Костя внимательно слушал все, что говорили вожатые третьего отряда.
Парни переглянулись, решая, посвящать ли незнакомого человека в их планы или нет. Они дружно кивнули и отвели Костю в сторону. Не дело держать вожатых в неведении, а значит, в опасности. Одну девушку чуть не задушила черная простыня, другую сожрало белое пианино, а сегодня в лагере стали появляться нецензурные надписи. Обстановка накалялась.
– Гномик-матершинник!
– выпалил Костя, услышав рассказы Юли и Вани.
– Как же я забыл, - хлопнул себя по лбу программист, - конечно! Но кто-то должен был вызвать это безобидное создание!
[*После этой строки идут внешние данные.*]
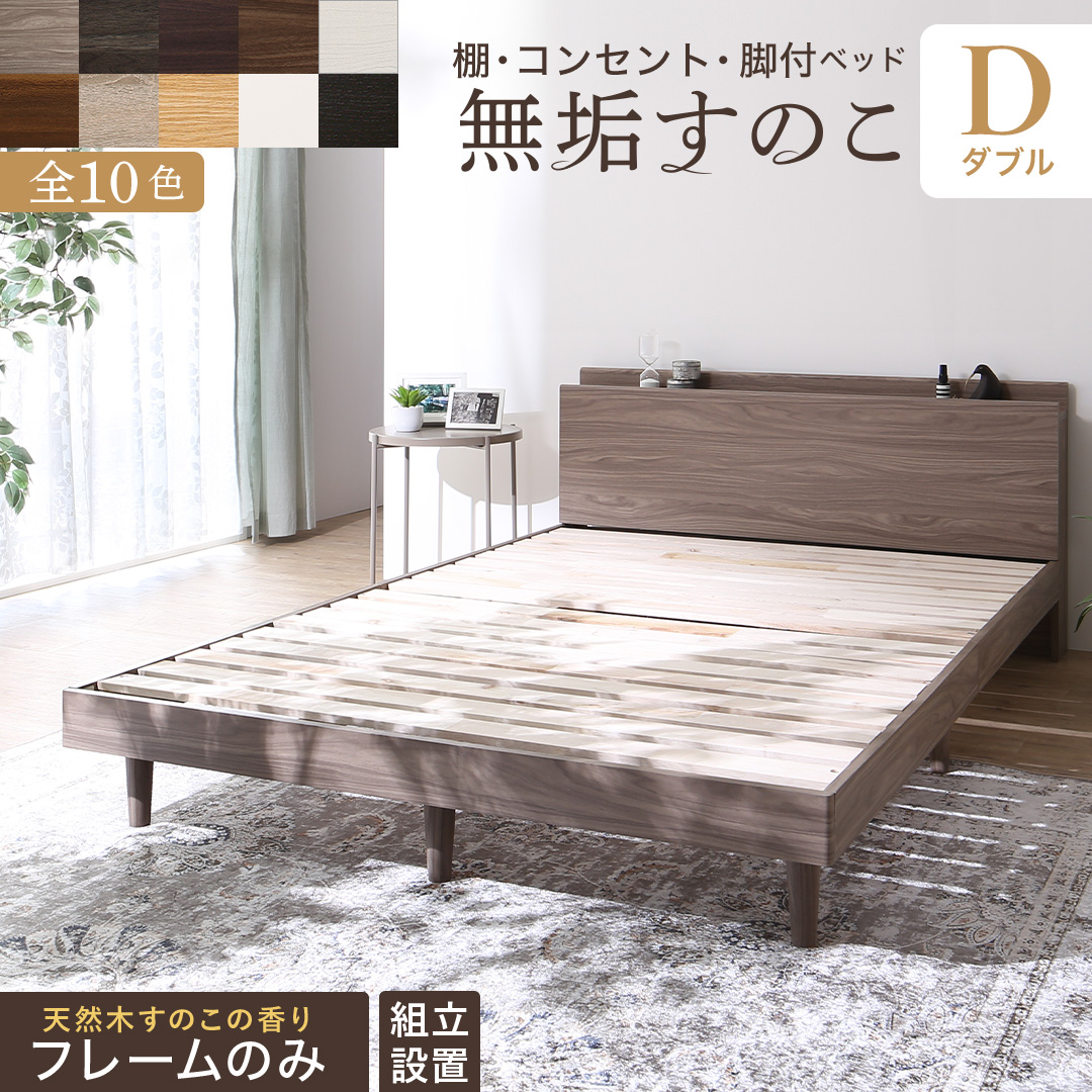 ベッド すのこベッド すのこ ダブルベッド ベッドフレーム ダブル マットレス 敷布団 無垢すのこ 収納 木製 頑丈 ベット フレームのみ ダブル 組立設置付き

Да-да, в отличие от всей агрессивной лагерной нечисти, скромненький гномик только и делал, что матерился на каждом углу. В досье его никогда не числилось ни одного кровавого преступления.
– Дети, - развел руками вожатый пятого отряда, - не Ипполит же спиритизмом по ночам увлекается.
Кощей Бессмертный восседал на троне. На подлокотнике, украшенном золотым черепом, стояла вазочка с черникой. Он брал ягоды двумя пальцами и смаковал, пока сиреневая мякоть не таяла у него на языке.
– Любавушка моя ненаглядная, - томно бросил он сидевшей рядом с ним невысокой женщине.
– Ну дались тебе эти Иваны-дураки.
– Дались, любимый, - она провела мизинцем по раскрашенным черной помадой губам.
– Только когда ты изведешь всех дураков в России я смогу уснуть спокойно.
– О, да ты хочешь избавить Русь от одной из бед? Долго придется стараться! Тебе мало дюжины Иванушек из Лесоморья?
– разгневался Бессмертный, вскочив и обойдя Любаву три раза.
– Да, мало. Только кровь настоящего Ивана Дурака сможет вернуть меня к жизни, Кощеюшка. А ты мне каких-то оболтусов подсовываешь!
Она распсиховалась и сбросила на пол вазу с ягодами.
– Любава, Любава, милая моя, ненаглядная, - фыркнул Кощей, - покрываю я твои грязные делишки, таскаешь ты девок из большого мира, кровь их пьешь. А что, если придет к нам в Лесоморье тамошний Иван Дурак.
– Замечательно!
– она запрыгала на месте, хлопая в ладоши.
– Только это мне и надо! Поможешь мне, Кощеюшка?
Бессмертный искоса посмотрел на жену. Ох, непростую девку он подобрал под корнями векового дуба. Посчитал сперва - обычная деревенская деваха, сбежавшая от Соловья-Разбойника, а оказалась она расчетливой стервой и коварной особой. Она сразу заявила свои исключительные права на власть в Лесоморье и Шемахе. Это желание Кощею в ней, несомненно, нравилось, но и настораживало.
Той ночью, когда он пришел к Дубу проверить, надежно ли спрятана Смерть, ученый Кот проводил его к дуплу и показал на кровать. Там лежала она, беззащитная и изрядно потрепанная, невысокая черноволосая девушка, вся в синяках, под правым глазом - кровоподтек, а в шее - осколок, покрытый серебром. Кот показал хозяину на миску,
где, окровавленные, плавали еще несколько десятков подобных осколков. 'Кто же тебя так, красавица?' - взял ее за холодную руку Бессмертный. 'Иван Дурак да девка черная', - прошептала тогда Любаша и потеряла сознание.Немало сил приложил Кощей, чтобы воротить ее с того света, но и девица в долгу не осталась. Только жизнь с молодухой у Бессмертного никак не складывалась: он в постели ждет ее, а она летит во внешний мир за новой жертвой. Говорит, что жить без молодой крови не может. А днем запиралась Любаша в своих хоромах и даже мужу престарелому заходить запрещала.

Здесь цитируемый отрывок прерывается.